#### What is needed
Write out word for word each line from the one containing "Ce management, dans" through the close of the listing, including both ends. Pictures do not belong in the copy.

#### Information provided
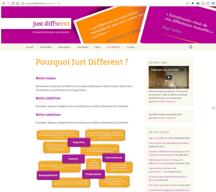
Figure 6 : Page du site de l'agence « Just Différent, conseil et formation en diversité » : onglet « Just Différent », rubrique « Pourquoi Just Different ? » Source : http://www.justdifferent.eu/?page_id=198

Ce management, dans sa visée gestionnaire, requalifie toutes les problématiques sociétales en problématiques économiques de « performances » (comme on peut le voir dans la figure ci-dessus). Par exemple, aux Etats-Unis : « Le nouveau discours de la diversité, diffusé par une abondante littérature d'entreprise, procède en repoussant les dimensions juridiques et morales des politiques antidiscriminatoires pour les remplacer par un discours sur l'efficacité économique ( business case ) de ces politiques, censées offrir aux entreprises un avantage comparatif. Ce processus d'appropriation managériale est passé par une redéfinition du contenu des politiques antidiscriminatoires menées antérieurement. [...] Alors que certaines "différences" entre les individus, liées à leur appartenance ou non à certains groupes protégés par le droit, étaient prises en compte par les politiques d' affirmative action de manière provisoire dans le but de réparer les injustices subies, elles sont désormais reconnues et célébrées pour leur contribution 23 à la performance de l'entreprise. » (Bereni, 2009 : 91).
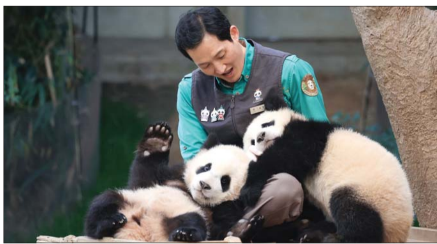
“SNS로 쌍둥이판다 일상 함께하세요”

삼성물산 리조트부문은 에버랜드의 쌍둥이 판다 루이바오, 후이바오가 퇴근 무렵 모습을 14일 SNS에 공개했다. 공개된 사진에는 루이바오, 후이바오가 키보드 활선 높은 나무에 올라가려 하거나 사육사 할부지의 장화를 잡고 조르는 듯한 장면, 사육사들의 품에 안겨 집으로 들어가는 모습들이 담겨 있다.
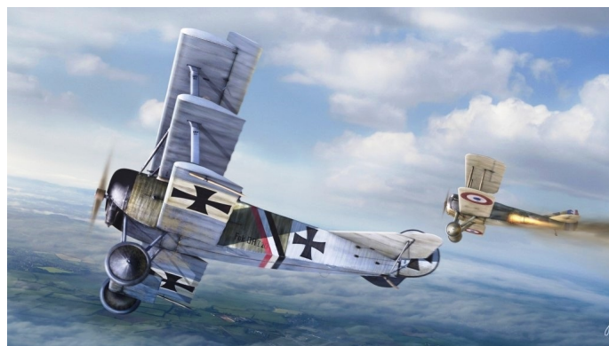
Nemecko-francúzsky vzdušný súboj
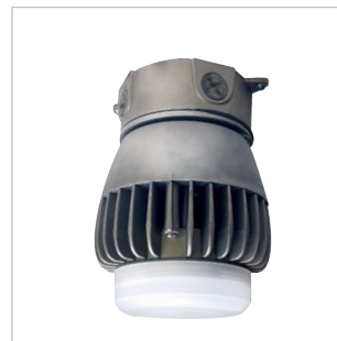
DVAKS2-LED Montage au plafond
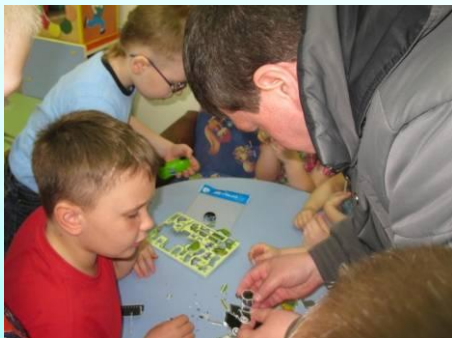
Досуг «Вместе собираем ЗД-конструкции»

#### Result of the exercise
Ce management, dans sa visée gestionnaire, requalifie toutes les problématiques sociétales en problématiques économiques de « performances » (comme on peut le voir dans la figure ci-dessus). Par exemple, aux Etats-Unis : « Le nouveau discours de la diversité, diffusé par une abondante littérature d'entreprise, procède en repoussant les dimensions juridiques et morales des politiques antidiscriminatoires pour les remplacer par un discours sur l'efficacité économique ( business case ) de ces politiques, censées offrir aux entreprises un avantage comparatif. Ce processus d'appropriation managériale est passé par une redéfinition du contenu des politiques antidiscriminatoires menées antérieurement. [...] Alors que certaines "différences" entre les individus, liées à leur appartenance ou non à certains groupes protégés par le droit, étaient prises en compte par les politiques d' affirmative action de manière provisoire dans le but de réparer les injustices subies, elles sont désormais reconnues et célébrées pour leur contribution 23 à la performance de l'entreprise. » (Bereni, 2009 : 91).
“SNS로 쌍둥이판다 일상 함께하세요”

삼성물산 리조트부문은 에버랜드의 쌍둥이 판다 루이바오, 후이바오가 퇴근 무렵 모습을 14일 SNS에 공개했다. 공개된 사진에는 루이바오, 후이바오가 키보드 활선 높은 나무에 올라가려 하거나 사육사 할부지의 장화를 잡고 조르는 듯한 장면, 사육사들의 품에 안겨 집으로 들어가는 모습들이 담겨 있다.
Nemecko-francúzsky vzdušný súboj
DVAKS2-LED Montage au plafond
Досуг «Вместе собираем ЗД-конструкции»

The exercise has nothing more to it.